**Exercise instructions**
Beginning at the line that contains "- 正絹 飾り帯締め 振袖", reproduce the entries below exactly, ending with the line that contains "Maryland Online Sports". Omit each picture.

**Task data**
Segment Open
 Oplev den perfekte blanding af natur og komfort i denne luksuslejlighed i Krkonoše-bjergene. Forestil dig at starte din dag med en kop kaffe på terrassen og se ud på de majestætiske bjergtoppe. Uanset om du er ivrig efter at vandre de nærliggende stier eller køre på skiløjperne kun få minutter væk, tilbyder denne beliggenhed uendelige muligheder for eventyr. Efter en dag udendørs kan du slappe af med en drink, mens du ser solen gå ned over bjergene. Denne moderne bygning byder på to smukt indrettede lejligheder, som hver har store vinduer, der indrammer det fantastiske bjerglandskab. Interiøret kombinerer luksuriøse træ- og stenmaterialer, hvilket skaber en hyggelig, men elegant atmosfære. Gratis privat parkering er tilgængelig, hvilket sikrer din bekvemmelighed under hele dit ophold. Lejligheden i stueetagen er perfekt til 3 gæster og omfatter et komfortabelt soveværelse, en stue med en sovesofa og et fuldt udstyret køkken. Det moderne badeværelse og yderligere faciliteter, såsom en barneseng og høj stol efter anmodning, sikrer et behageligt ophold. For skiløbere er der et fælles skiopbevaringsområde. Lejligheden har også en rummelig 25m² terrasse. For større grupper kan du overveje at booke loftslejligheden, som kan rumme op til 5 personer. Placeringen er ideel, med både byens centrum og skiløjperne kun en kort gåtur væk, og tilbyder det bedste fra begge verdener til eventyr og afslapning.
Segment Closed
Segment Open
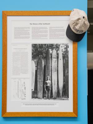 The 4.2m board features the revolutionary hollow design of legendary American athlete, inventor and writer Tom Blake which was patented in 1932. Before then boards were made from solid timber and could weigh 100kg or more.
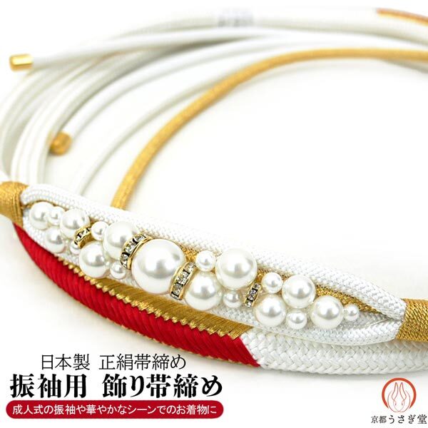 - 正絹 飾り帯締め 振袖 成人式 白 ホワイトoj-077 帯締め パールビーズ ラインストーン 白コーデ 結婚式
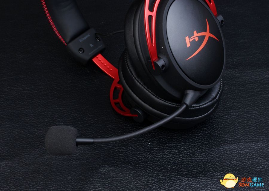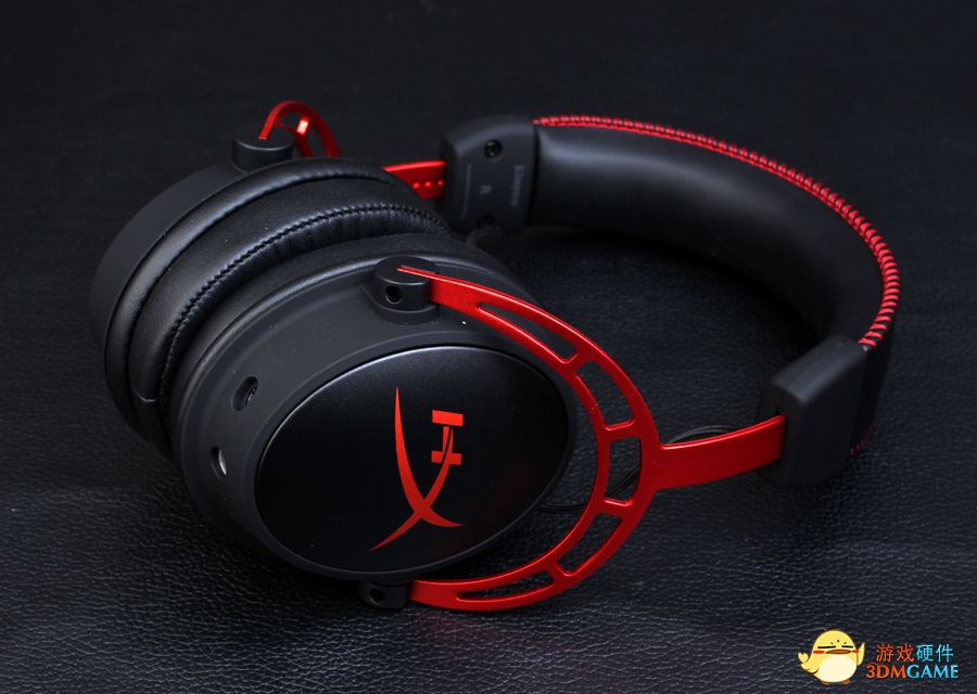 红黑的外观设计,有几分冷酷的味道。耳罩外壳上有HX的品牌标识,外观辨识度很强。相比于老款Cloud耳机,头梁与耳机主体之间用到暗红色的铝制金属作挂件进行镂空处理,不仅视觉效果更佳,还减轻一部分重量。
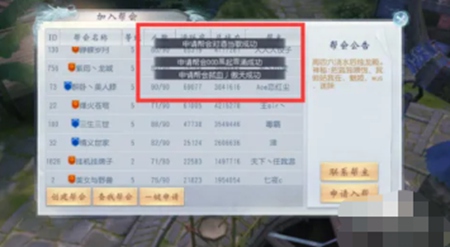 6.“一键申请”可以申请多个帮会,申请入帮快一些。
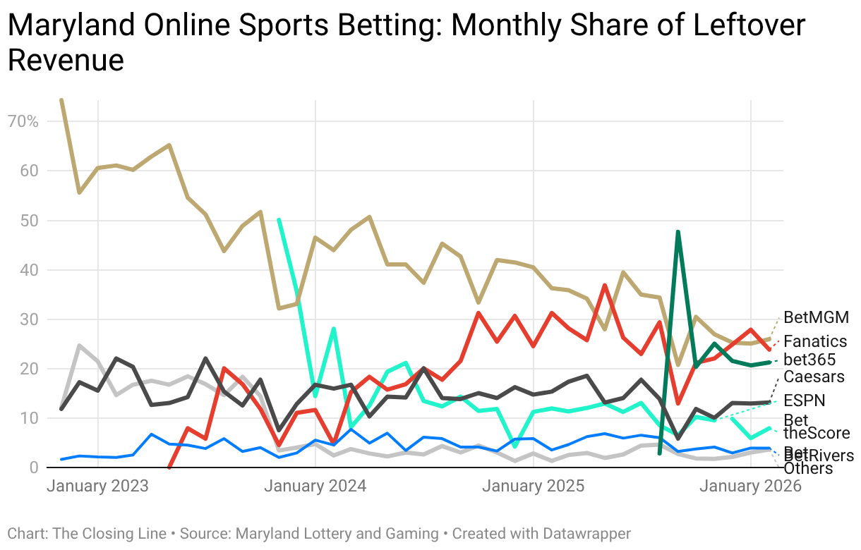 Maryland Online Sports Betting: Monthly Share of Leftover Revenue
Segment Closed
**Task answer**
 - 正絹 飾り帯締め 振袖 成人式 白 ホワイトoj-077 帯締め パールビーズ ラインストーン 白コーデ 結婚式
 红黑的外观设计,有几分冷酷的味道。耳罩外壳上有HX的品牌标识,外观辨识度很强。相比于老款Cloud耳机,头梁与耳机主体之间用到暗红色的铝制金属作挂件进行镂空处理,不仅视觉效果更佳,还减轻一部分重量。
 6.“一键申请”可以申请多个帮会,申请入帮快一些。
 Maryland Online Sports Betting: Monthly Share of Leftover Revenue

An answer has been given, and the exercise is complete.